**How to complete this task**
Beginning at the first line of the material, output each line exactly until you reach and include the line containing "Lelepet Hundemantel Winter". Leave every picture out.

━━━ Given information

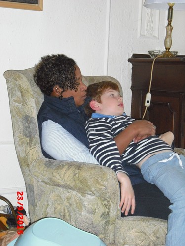 Bart gaat weer bij tR op schoot, beetje suffig kijkt hij dvd, dan nog
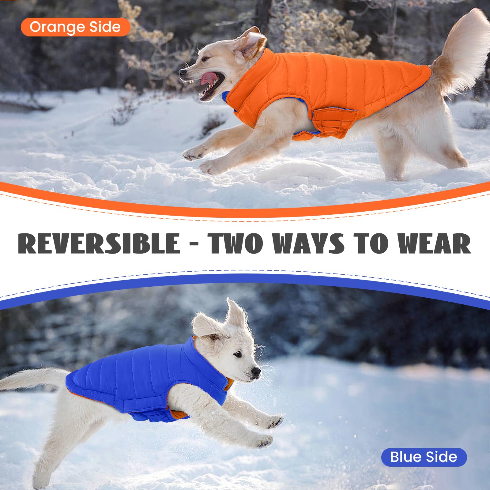 Lelepet Hundemantel Winter Jacke Für Kleine Hunde, Wasserdicht Warmer Hunde Winterjacke, Wendbarer Winddicht Hundejacke Mit Klettverschluss, Orange XS
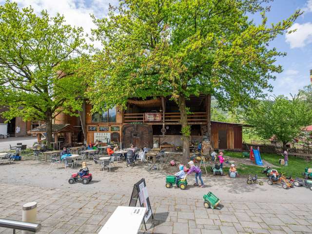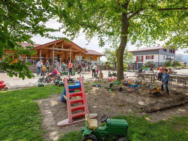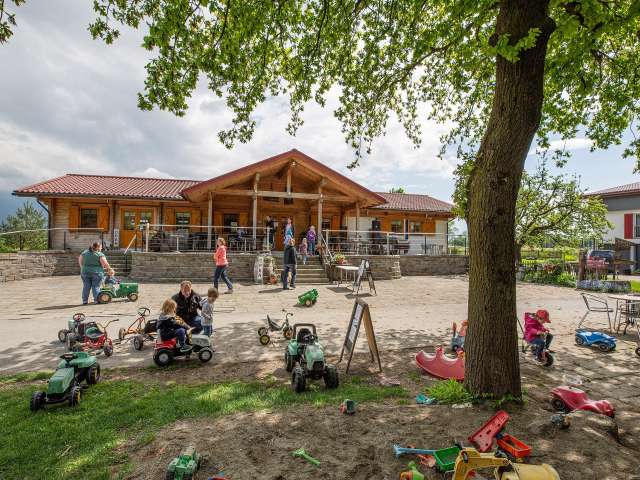 The Eichhof offers an experience for young and old. Various animals such as cows, goats, rabbits, chickens, ducks, peacocks can be admired. In addition to the animal attraction awaits the children countless play tractors and a large sandbox.
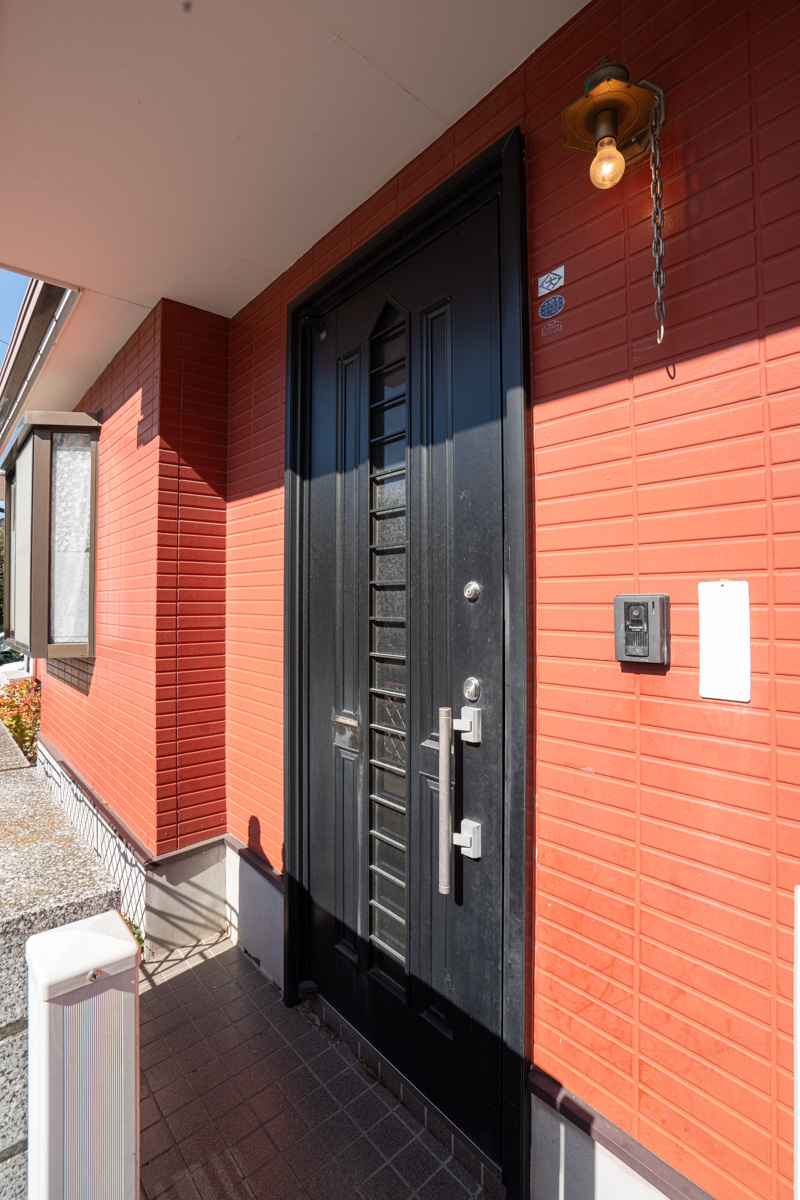 玄関ドアにも南からの明るい日差しが差し込んでいる

━━━━━━

**Answer to this problem**
 Bart gaat weer bij tR op schoot, beetje suffig kijkt hij dvd, dan nog
 Lelepet Hundemantel Winter Jacke Für Kleine Hunde, Wasserdicht Warmer Hunde Winterjacke, Wendbarer Winddicht Hundejacke Mit Klettverschluss, Orange XS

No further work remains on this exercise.